В двенадцать — ланч. Затем вновь работа.
Ильф и Петров в своей знаменитой книге "Одноэтажная Америка" писали, что заключённые Синг Синг делают гробы, в которых потом хоронят умерших здесь заключённых и, естественно, казнённых на электрическом стуле. Я не видел этого помещения, анатомического зала со стеллажами простых деревянных гробов, но великолепно представлял наяву. Они мерещились везде, эти гробы, мне казалось, я хорошо вижу их шершавую, серую, плохо обработанную поверхность. Вижу изнутри, потому что лежу в одном из таких домин. И тесный ряд вырубленных из мрамора белых плит, врытых в грязно-жёлтый песок над могилами тюремного кладбища. Вызывающих тошноту идеальной схожестью, унифицированностью.
Но мы не делали гробы, кто-то шил одежду, кто-то тачал обувь. Здесь не стояли злобные надзиратели с плетьми, которые они опускали на плечи тех, кто не желал трудиться на благо рыночной экономики. Не хочешь работать — сиди шесть часов и смотри в окно. Но те, кто работал, получали сдельную оплату. А на эти деньги, пусть небольшие, в тюремном магазине можно было купить все, что душе угодно. Кроме наркотиков, конечно.

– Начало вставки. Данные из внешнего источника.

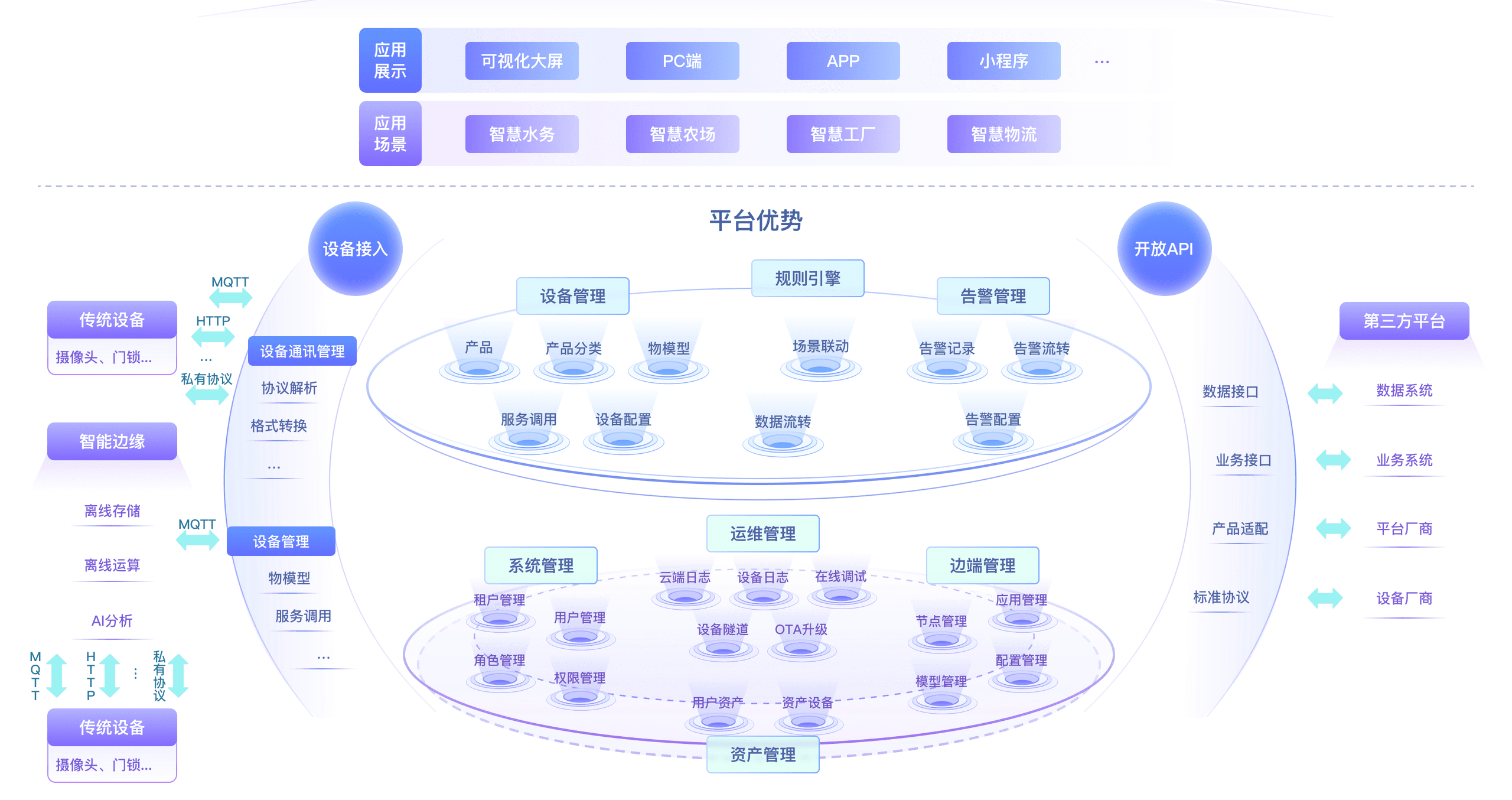 支持百万数量级传感器接入(包括第三方传感器),不同协议/接口传感设备快速选型配置。

Главное, что сводило с ума, погружало в непроглядный чернильный мрак депрессии — абсолютная тишина. В камерах не разрешалось говорить даже шёпотом. В российских тюрьмах все заключённые переговариваются, перекликаются друг с другом. Здесь-запрет на любой звук.
Нет, эта тюрьма не была похожа на российскую, и уж тем более советскую. Как-то пришлось побывать в одной из них. Из любопытства. Искал материал для очередной статьи. Мне показали камеры, где порой находилось по двадцать заключённых, стены из необработанного камня в грязных потёках. Омерзительная, не выветриваемая вонь человеческих отходов, тлетворной сырости и плесени. Насилие, унижение. Система, направленная на жёсткое удушение любых человеческих качеств, превращение в затравленного, одичавшего зверя. Мутанта, не человека. Запреты, запреты на все, на свидание с родственниками, звонки. Лишение самого необходимого — нормальной пищи, медицинской помощи.
Здесь все было иначе. Разрешалось заниматься спортом, работать, учиться, молиться любому богу, читать.
Все свободное время я проводил в тюремной библиотеке. Она встречала меня восхитительно пьянящей смесью ароматов старого дерева, типографской краски, бумаги. Там, на воле, я давно перешёл на электронные варианты, но здесь толстые томики в кожаных переплётах, под которыми скрывались тайны человеческой души, все равно заставляли сердце забиться сильнее, как от встречи со старыми друзьями. В современных книжных магазинах я никогда не испытывал подобного. Там полки заполнены одноразовым дерьмом, на которое не было потрачено ни грамма души, в лубочных обложках.